A national park, Onezhskoye Pomorye National Park, was open on the Onega Peninsula on 26 February 2013.

The Dvina Bay is limited by the Onega Peninsula from the west. At the eastern side, the shore steeply rises to a plateau (White Sea - Kuloy Plateau) which drains east into the Soyana, a major tributary of the Kuloy. The Onega Peninsula shore is often referred to as Letny Bereg (Summer Coast), and the eastern shore of the bay is Zimny Bereg (Winter Coast). The names reflect the fact that the Pomors of the Dvina Bay were fishing at Summer Coast and Winter Coast in the summer and in the winter, respectively.

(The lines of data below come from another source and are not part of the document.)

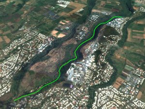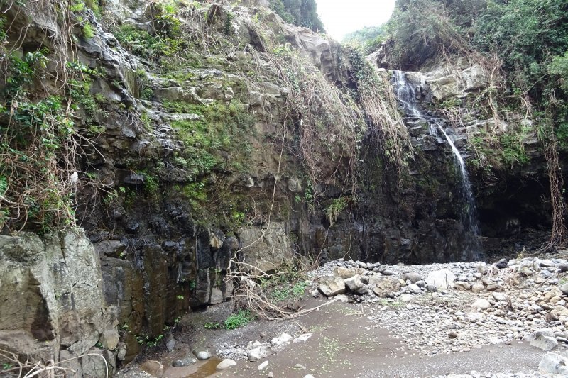 La randonnée débute au carrefour de la route de Maison Rouge, juste après avoir franchi le radier sur la ravine du Gol. Une piste en terre part près d'une zone qui fut un temps un jardin paysager mais qui mériterait un sérieux ravalement. La balade d'échauffement (Photo 1) se termine rapidement et la piste se transforme en sentier (Photo 2). Vu sa largeur et la qualité, on se dit que la remontée de la Ravine Barrage ou Ravine de Maison Rouge, sera un plaisir. Le sentier remonte le fond de la ravine en s'approchant de véritables murailles de tôle ondulée derrière lesquelles les bêlements et caquètements renseignent sur l'utilité de ces clôtures. Très vite, la trace s'estompe puis disparaît et la remontée s'effectue en cherchant des yeux le meilleur passage ou les quelques traces laissées par les chasseurs de guêpes. Peu de difficultés car la végétation est assez clairsemée et les rochers rarement très hauts. Quelques manguiers ont poussé aléatoirement en bordure de ravine (Photo 3). Les berges passent immédiatement du fond rocheux à des falaises infranchissables (Photo 5). La balade alterne partie plates, passages rocheux (Photo 6) ou végétalisés (Photo 7). A mi-parcours, des tuyaux indiquent enfin que l'eau peut exister en ces lieux arides puisque plusieurs tuyaux en mauvais état jonchent le sol (Photo 10). Plus haut, un bassin et un filet d'eau qui coule directement dans un gros tuyau explique en partie la partie sèche déjà parcourue (Photo 12). A partir de ce bassin, l'eau est toujours présente, soit dans des bassins croupissants couverts de lentilles d'eau soit sous les rochers où ils produisent cette douce musique aquatique. Sans transition, la végétation, déjà dense, bouche la totalité du fond de la ravine. La grotte en rive gauche, visible au bas d'une barre rocheuse dans un virage de la rivière s'approche au prix de quelques griffures (Photo 16) mais il est raisonnable de faire demi-tour alors qu'on est loin d'avoir atteint la route Hubert Delisle. La descente prend un peu moins de temps que la descente en tentant de reprendre le même itinéraire que dans la montée.
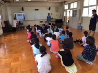 子どもたちは、田植えの順序・コツを教えていただきました。
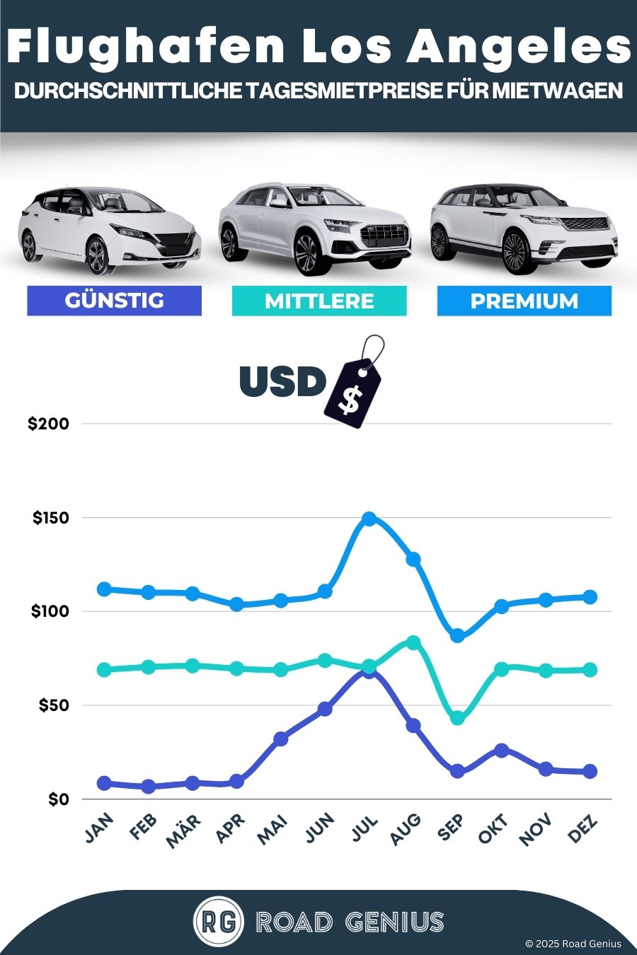 Vergleichen Sie alles auf unserer Seite: Anbieter, Fahrzeugklassen und Abholzeiten. Die Preise am LAX können sich täglich stark ändern, wobei kleinere Fahrzeugklassen meist am günstigsten sind.
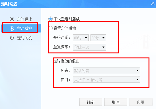 第三步:选择定时播放按钮,然后再设置定时播放的时间和歌曲。
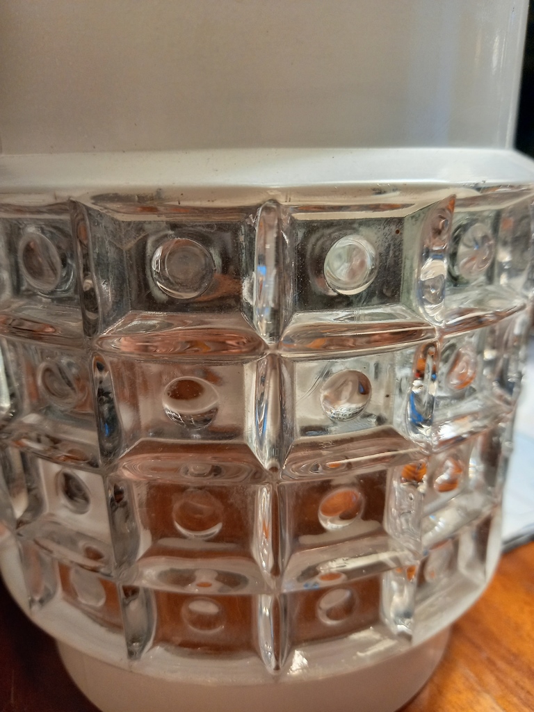 Lámpara de techo con tulipa de cristal prensado en blanco liso en la parte superior e inferior y en relieve con motivos simétricos en el cuerpo principal.
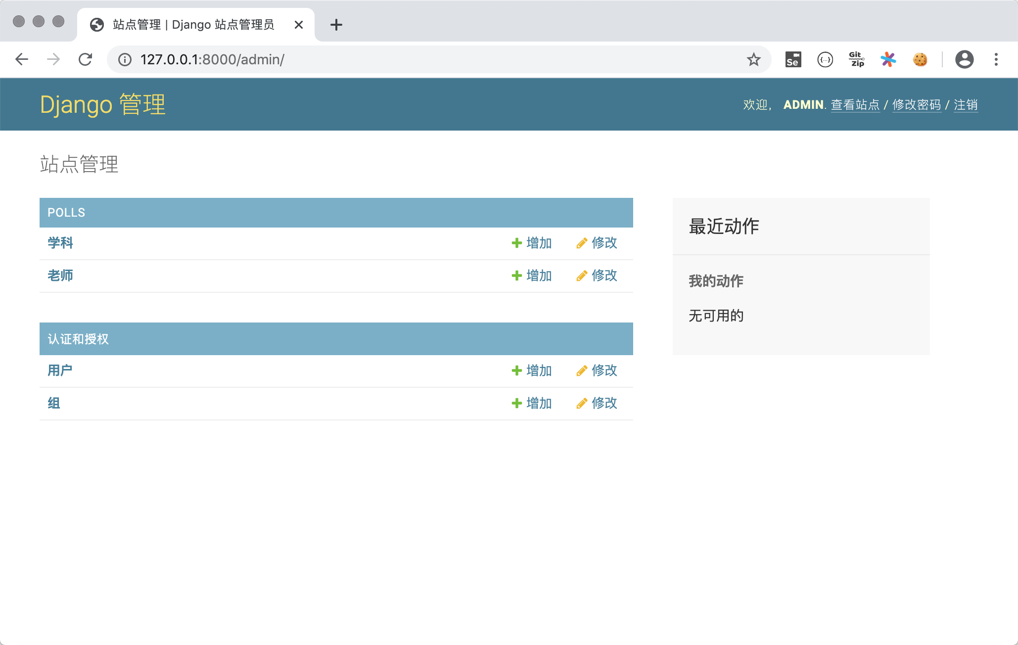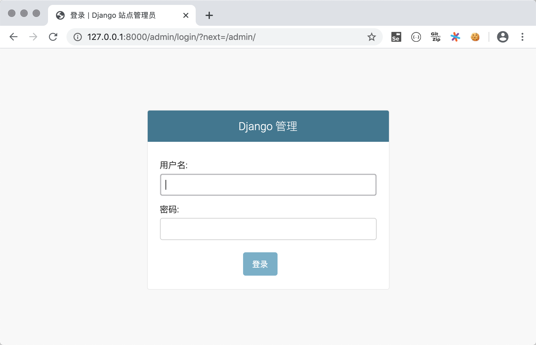 http://127.0.0.1:8000/admin,輸入剛才創建的超級用戶賬號和密碼進行登錄。
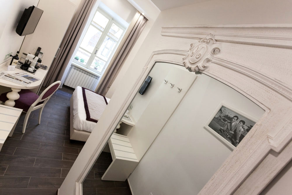 Relais Monti nasce a pochi passi dal Colosseo e da I Fori Imperiali situato in una delle zone piu chic di Roma le nuovissime 11 suite di cui e dotato nascono dall’esigenza della proprietà nel dare un tocco di classe a tutta la struttura con materiali laccati ad acqua testiere inbottite capitone’ incorniciate da masselli di legno di frassino con particolari esclusivi come le gambe tornite degli scrittoi sempre in legno di frassino e non ultimo pelli e tessuti di altissima qualità offrono alla propria clientela unsoggiorno raffinato ed esclusivo.
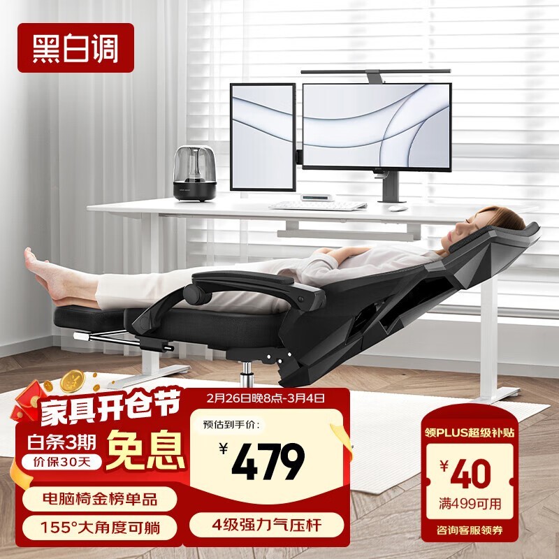 黑白调P4 Pro人体工学电脑椅耀黑款京东促销仅439元
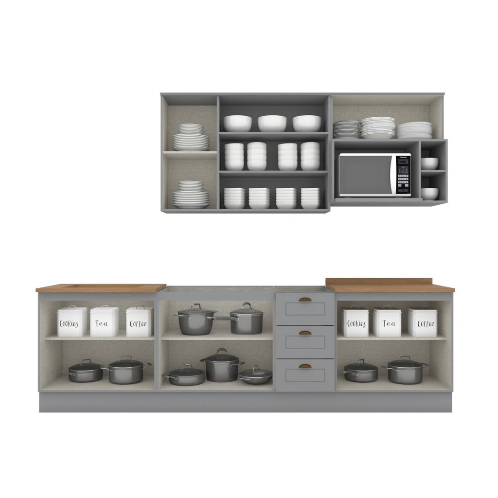 Cozinha Completa 6 Peças com Aéreo Microondas Emily Cinza/Nature

The Dvina Bay coast was populated by Russians (Novgorodians, of whom the Pomors are the descendants) and Karelians, both not later than in the 13th century. Until the 18th century, when Saint Petersburg was founded, Arkhangelsk was the only sea harbour of Russia, and the Northern Dvina and the Dvina Bay were main connection of Russia with the outside world. Most of the villages at the Dvina Bay coast such as Pertominsk, Lopshenga, or Yarenga, are old Pomor villages still depending on fishery. Except for vicinity of the river delta of the Northern Dvina, both Winter and Summer coasts are remote, with sea and air being the only connections to the villages. There is regular sea navigation in the summer, serving all of the villages.